Marisa Mazria Katz is a journalist/editor of Syrian descent. She has contributed to numerous publications, including the The New York Times, Financial Times, Wall Street Journal, Vogue, NPR, Marketplace, Time and The New York Review of Books.

She has been awarded major grants for her editorial work from the Keith Haring Foundation, the Trust for Mutual Understanding and the Andy Warhol Foundation. In 2009 she received funding from the US State Department for a four-year program that taught journalism to teenagers from a marginalized community in Casablanca, Morocco.

In 2018 Mazria Katz served as one of the first Kickstarter Fellows, and later that year she founded the Craig Newmark Philanthropies–funded program the Eyebeam Center for the Future of Journalism. The program—whose central mission is to place writing by artists in major media publications like The New Yorker, The Guardian, Wired and The Atlantic—has supported works that have gone on to win a Pulitzer Prize, Emmy, New York Press Club award, and a SXSW Film Festival 2021 Special Jury Recognition for Immersive Journalism.
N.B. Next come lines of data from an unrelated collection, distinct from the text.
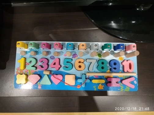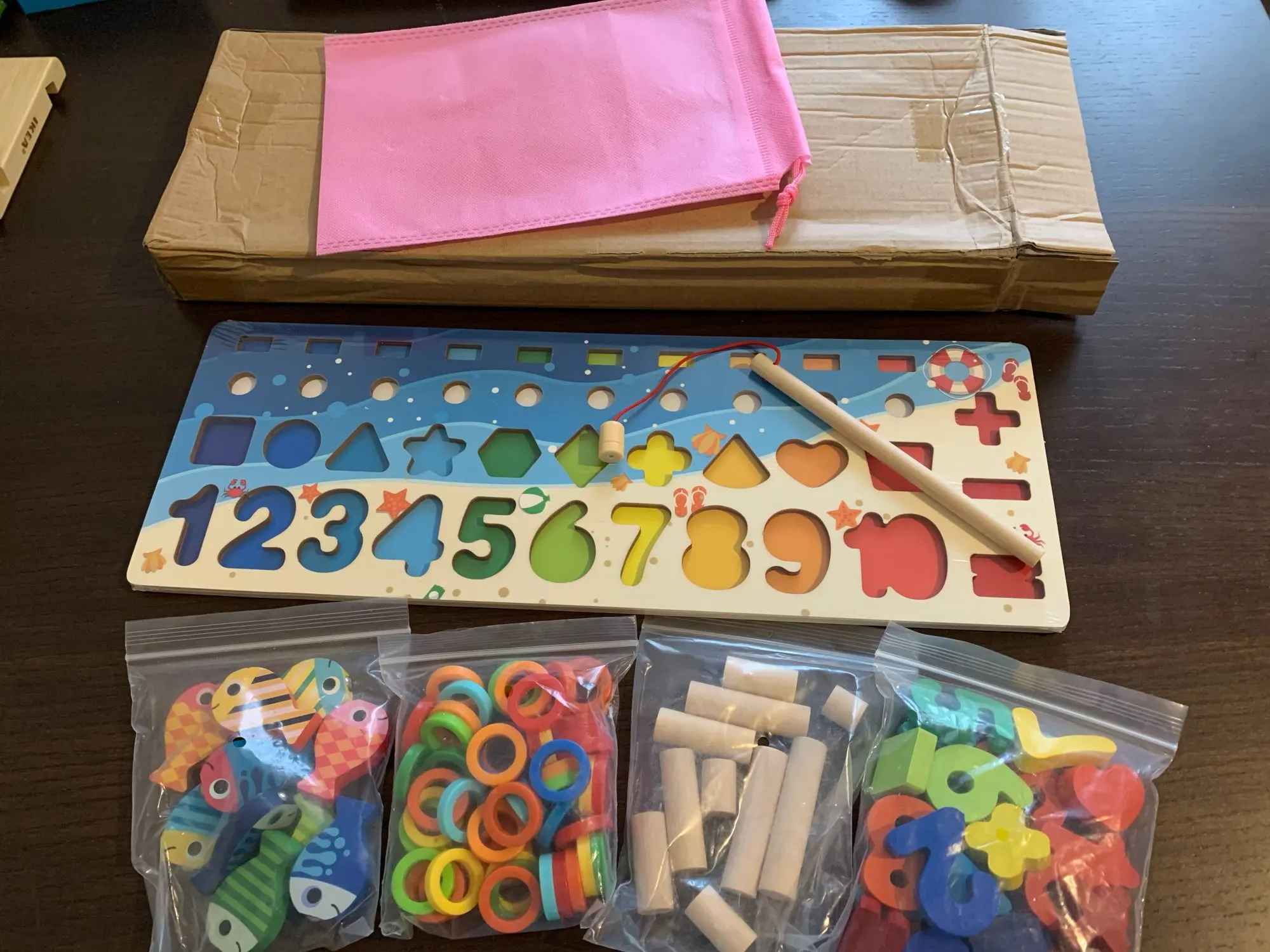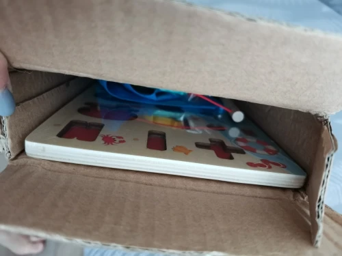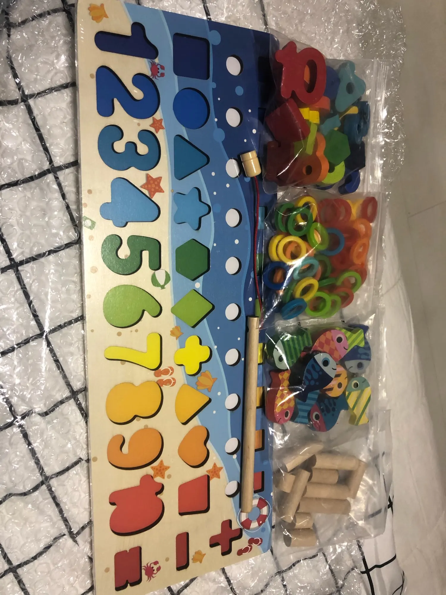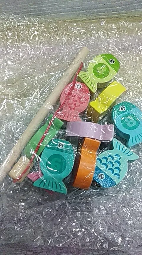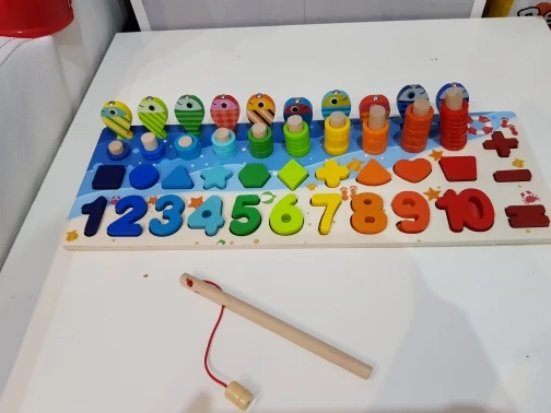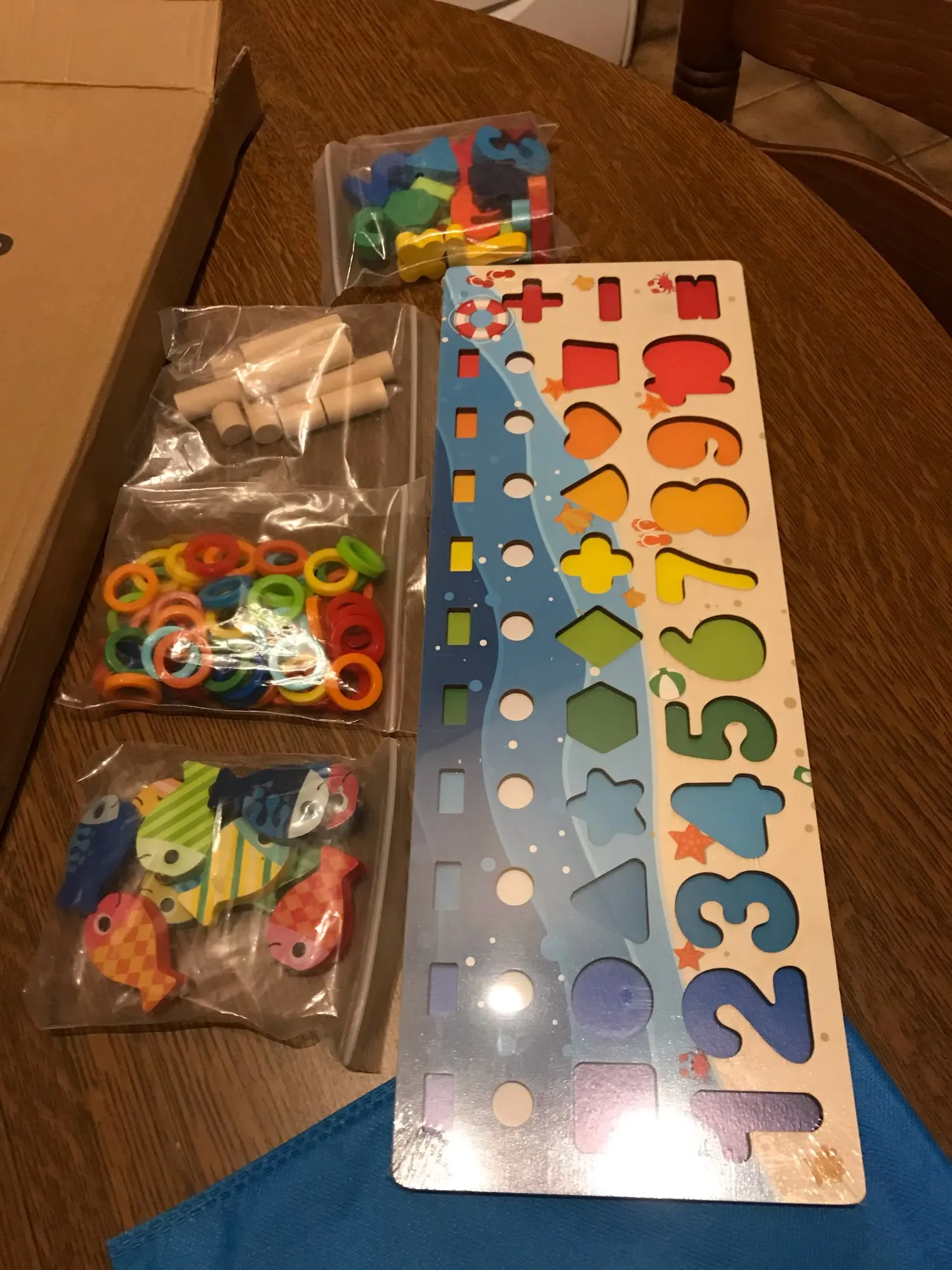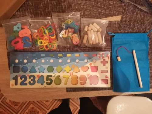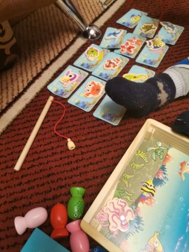 Доставили в пункт выдачи. Отличная игра. Можно играть с цилиндрическими рыбками, вставлять и вынимать их удочкой из отверстий (вокруг них ободки разного цвета, т.е. рыбок можно по цветам раскладывать). Вторая игра - с плоскими рыбками и карточками, мой ребёнок уже довольно шустро их совмещает, очень нравится. Пока любимая игра.
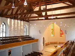 Von 1968 bis 1970 wurde die Kirche renoviert. Hierbei entfernte man die Kanzel und die Malereien von 1924. Die Emporen wurden durch die heutigen Einbauten aus Sichtbeton ersetzt und im Kirchenschiff die Decke entfernt, sodass der Dachstuhl aus dem 17. Jahrhundert sichtbar wurde. 1970 wurden die Glasfenster im Chor eingebaut.[12] Im Chor befindet sich ein «Taufbaum», der vom Künstler Andreas Widmer erstellt wurde. Seine Gestaltung nimmt das Baum-Element der Kirchenfenster und des gotischen Masswerks auf.[13]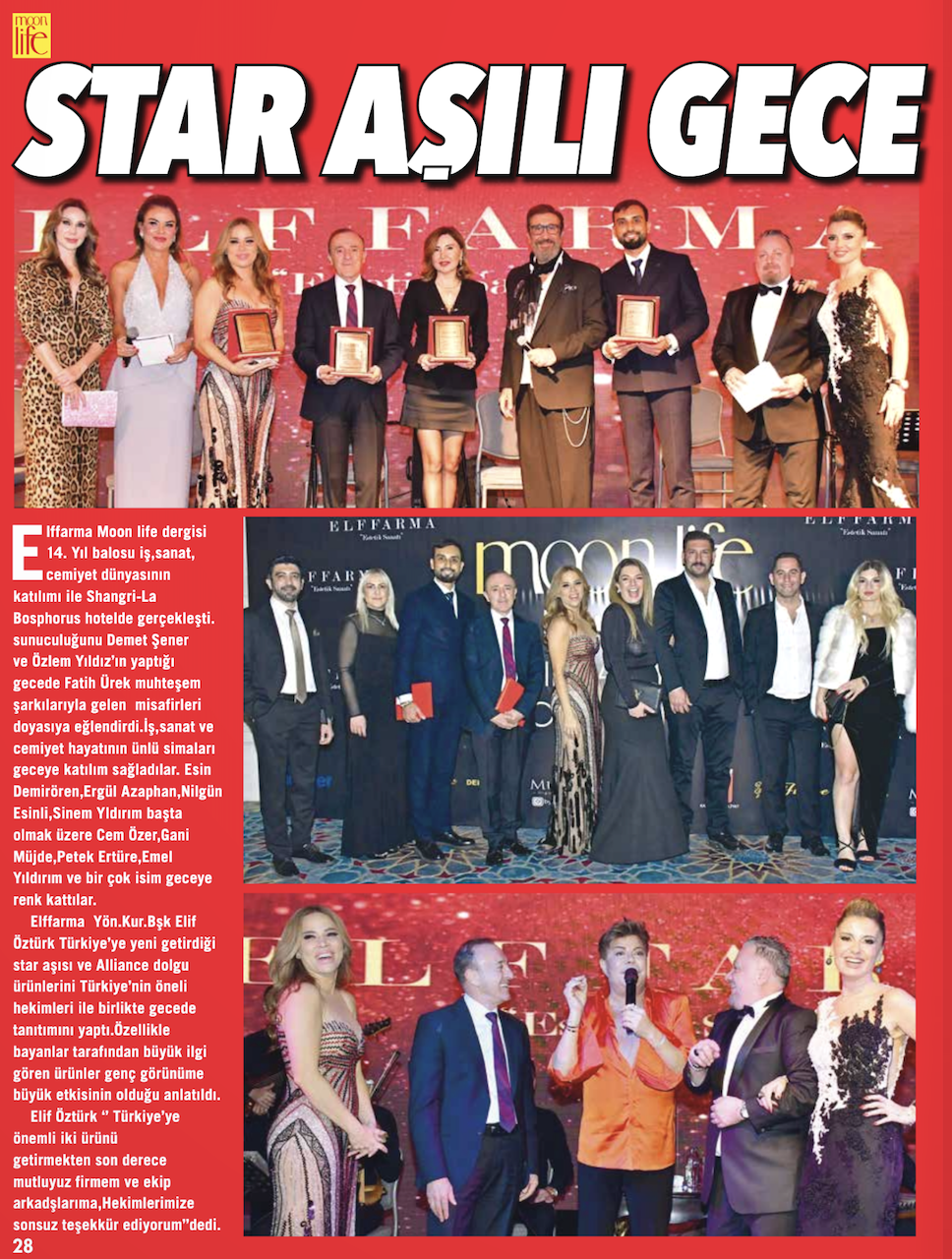 Elffarma Moon Life dergisinin 14. Yıl Balosu, iş, sanat ve cemiyet dünyasından birçok önemli ismin katılımıyla Shangri-La Bosphorus Hotel'de gerçekleşti. Geceye, sunuculuklarını ünlü isimler Demet Şener ve Özlem Yıldız'ın üstlendiği organizasyon damga vurdu. Misafirlere unutulmaz bir eğlence yaşatan etkinlikte, Fatih Ürek'in muhteşem performansı geceye renk kattı. Şarkılarıyla herkesi coşturan Ürek, davetlilere keyifli anlar yaşattı. Bu özel gece, iş ve sanat dünyasının buluşma noktası oldu.

Mazria Katz was the founding editor of Creative Time Reports. The program’s key goal was to publish artists’ unflinching perspectives on the most challenging issues of our times. With Creative Time Reports, artists were correspondents and brought their own unique spin to current events. Under her tenure, the website co-published Creative Time Reports content with The Guardian, Al Jazeera America, Foreign Policy, The New Yorker, Slate, Salon, The Intercept and many more. In 2019 with Paper Chase Press, she published Artists on the News, a selection of work from Creative Time Reports.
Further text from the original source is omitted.